# Prompt
Copy exactly, from the beginning of the material below, every line up to and including the one holding "To prevent adverse", with the pictures left out.

# Recorded data
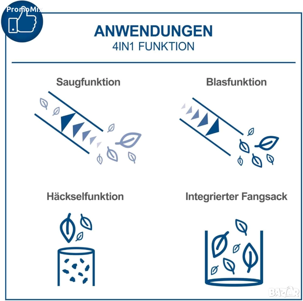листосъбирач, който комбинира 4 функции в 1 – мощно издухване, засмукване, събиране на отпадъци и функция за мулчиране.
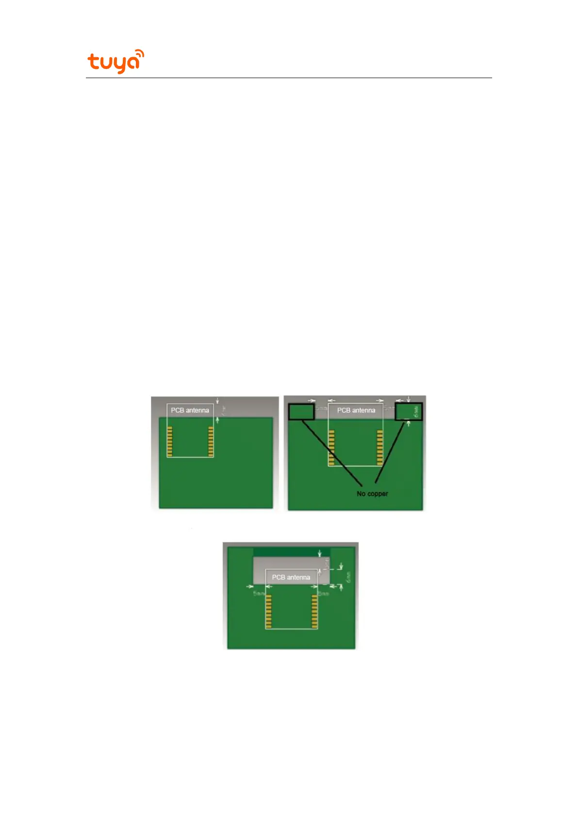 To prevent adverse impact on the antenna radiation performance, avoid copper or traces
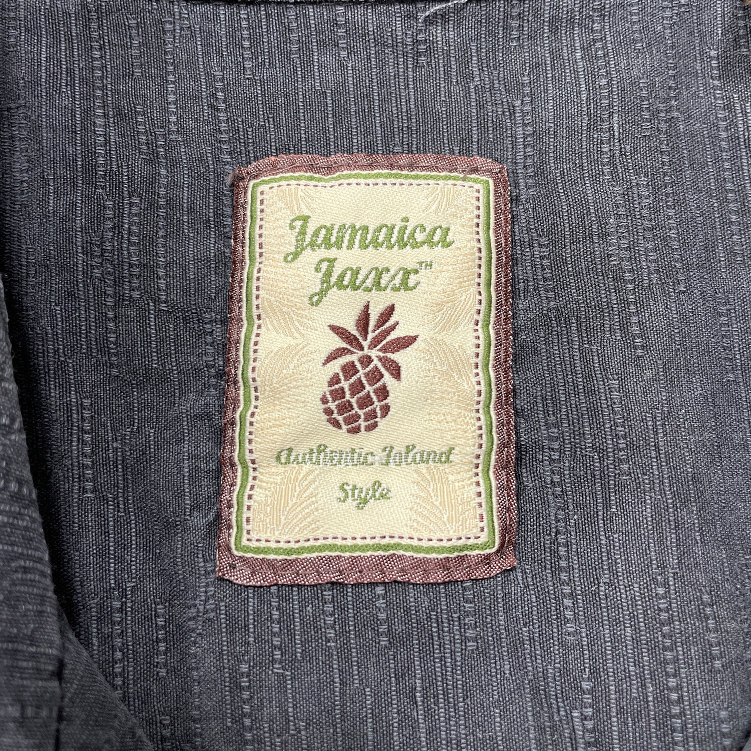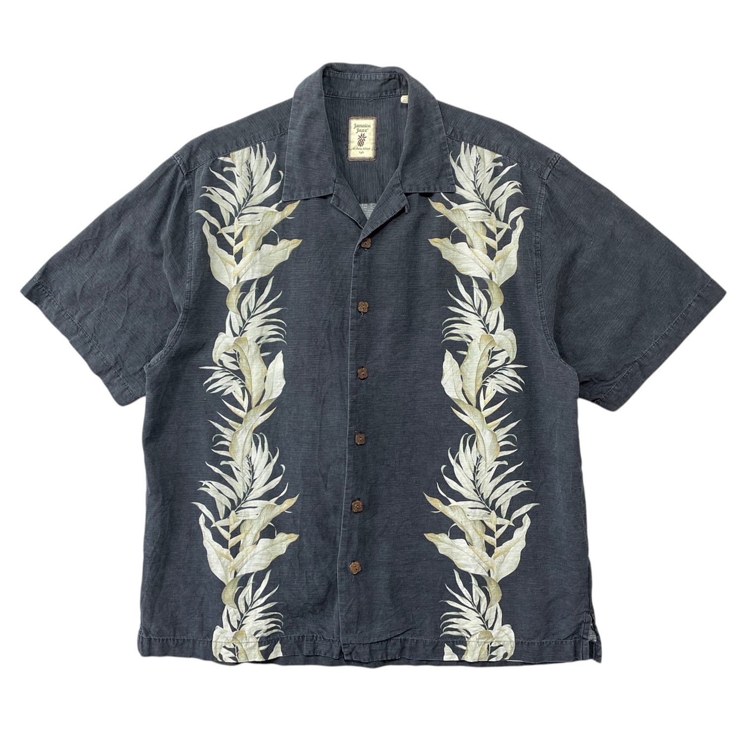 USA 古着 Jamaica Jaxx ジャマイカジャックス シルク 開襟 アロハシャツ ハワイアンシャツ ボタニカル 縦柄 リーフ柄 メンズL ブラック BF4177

# Solution for this problem
листосъбирач, който комбинира 4 функции в 1 – мощно издухване, засмукване, събиране на отпадъци и функция за мулчиране.
 To prevent adverse impact on the antenna radiation performance, avoid copper or traces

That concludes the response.